One relationship between the strength of the speech signal and the masking sound is called the signal-to-noise ratio expressed in decibels. Ideally, the S/N ratio is greater than 0dB, indicating that the speech is louder than the noise. Just how much louder the speech needs to be in order to be understood varies with, among other things, the type and spectral content of the masking noise.

The most uniformly effective mask is broadband noise. Here is a chart showing word articulation versus S/N when the masking source is noise spanning 20 Hz to 4 kHz. Notice that the signal must be 12 dB louder than the broadband noise to achieve 80% word recognition.

Although, narrow-band noise is less effective at masking speech than broadband noise, the degree of masking varies with frequency. Here is a chart showing word articulation versus S/N for two noise bands — 135 to 400 Hz (the fundamental frequency range of speech) and 1800 to 2500 Hz (the strongest consonant frequency range).

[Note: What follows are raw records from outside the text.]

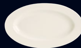
Mediterranean Platter HL21800 15 x 10 1/4" HL38200 15" x 8 3/4"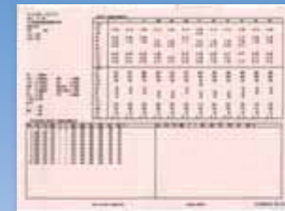
Detailed measurements report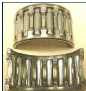
Recovered Pieces from Failed Rod Bearing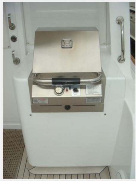
67' Lyman-Morse aftdeck BBQ grill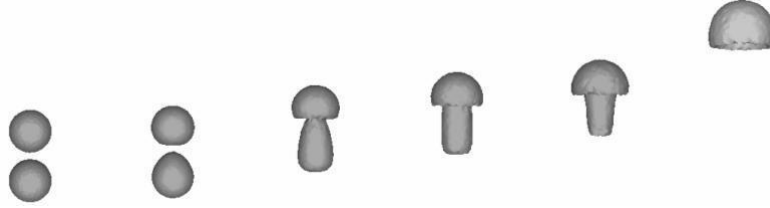
FIGURE 2 – Isovalue zero of the level set function for bubble coalescence

In this three dimensional example, the domain \Omega = [0.01; 0.01; 0.02] with two bubbles initially located, respectively, at (0.005; 0.005; 0.005) and (0.005; 0.005; 0.00797) , are considered. The bubbles have an initial diameter equal to D = 2.6 \text{ mm} . The aim of this multi-phase flow is to simulate bubble coalescence. The surface tension coefficient is 5.8 \times 10^{-4} \text{ N.m}^{-1} and the gravity is g = -8.65 \text{ m.s}^{-2} . The physical parameter for the surrounding fluid are \rho_1 = 880 \text{ kg.m}^{-3} and \mu_1 = 0.0125 \text{ N.s.m}^{-2} , for the bubble \rho_1 = 440 \text{ kg.m}^{-3} and \mu_1 = 0.00625 \text{ N.s.m}^{-2} . As time progresses, the lower bubble is deformed and the upper bubble shape changes from a sphere to a cap shape (figure 2 at times t = 0 \text{ s} , t = 0.015 \text{ s} , t = 0.045 \text{ s} , t = 0.06 \text{ s} , t = 0.075 \text{ s} , and t = 0.15 \text{ s} ). The average mesh size is 0.0003 \text{ m} . It can be noted that at time equal to 0.15 \text{ s} , the two bubbles merge together to become a single bubble with a cap shape. Our results are in good agreement with those found by [13].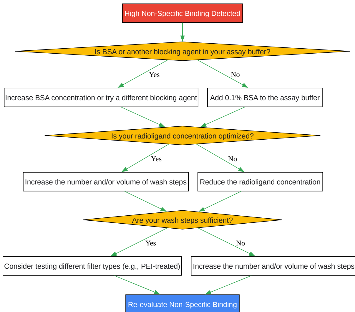
Diagram 2: Troubleshooting High Non-Specific Binding

Click to download full resolution via product page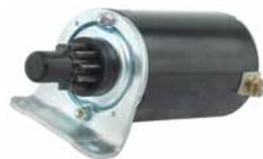
206-04117 STR. Johnson Electric / United Tech. 12V 10T CCW 129mm F/C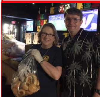
More Christmas Basket Pictures that came in late.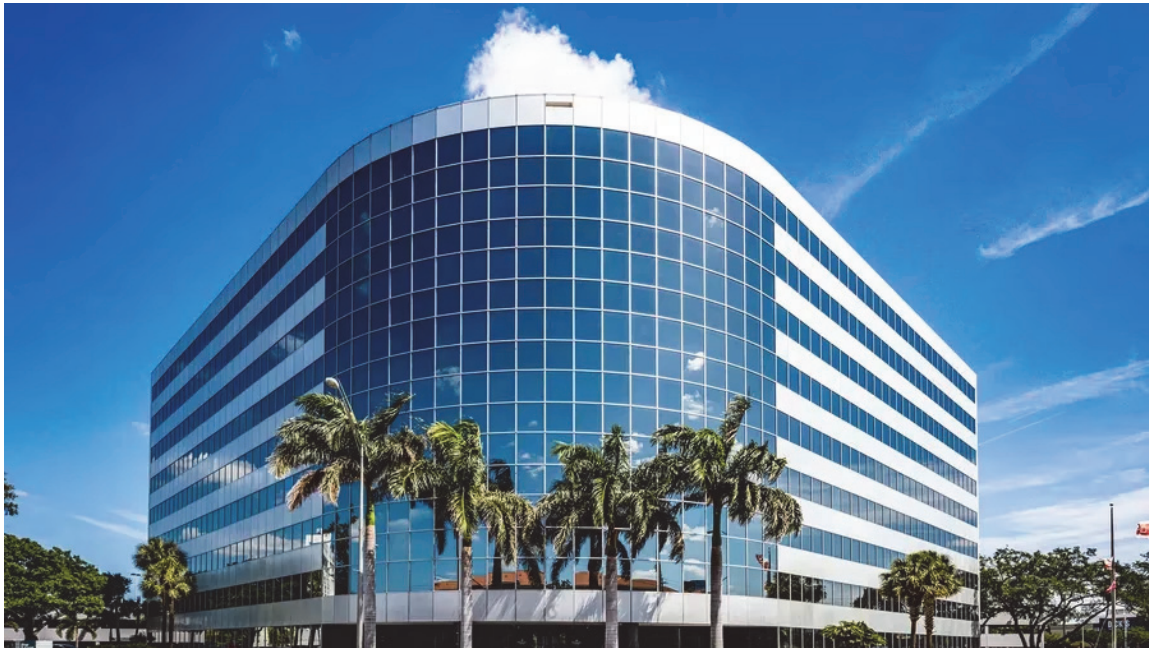
The Bridgeport Center at 5201 W Kennedy Blvd. in Tampa has sold for $40 million to a pair of investment firms based in South Florida and New York.

High-frequency noise masks only the consonants, and its effectiveness as a mask decreases as the noise gets louder. But low-frequency noise is a much more effective mask when the noise is louder than the speech signal, and at high sound pressure levels it masks both vowels and consonants. This is why the proximity effect of cardioid microphones can be so harmful to speech intelligibility: it causes the speech signal to mask itself. While cardioids are very useful for minimizing noise pickup at the source, they should always be used with a steep (12 dB/octave or greater) high-pass tuned to about 100 Hz (or higher, if the speaker’s voice range allows) so that proximity effect problems are minimized.

A human voice delivering a competing message, sometimes called a “distractor,” is also very good at masking speech — particularly at or below 0 dB S/N. In addition, the masking effect increases with the number of distractor voices. Here is a diagram comparing masking for one, two and three voices. Notice that, below 0 dB S/N, three voices become just as effective a source of masking as broadband noise. Above 0 dB S/N, however, intelligibility improves rapidly as the S/N increases. This illustrates the importance of having sufficient power in paging system to overcome crowd noise.

The direction from which a masking sound arrives, relative to the direction of the speech signal, can affect the degree of masking. If the noise comes from the same place, the masking is greatest; it decreases as the distance between the noise and the speech increases because this makes it easier for the brain to discriminate between them. The masking effect is lowest when the presentation is through headphones, with the speech in one ear and the mask in the other. (Unfortunately, we can’t take advantage of that feature in sound reinforcement).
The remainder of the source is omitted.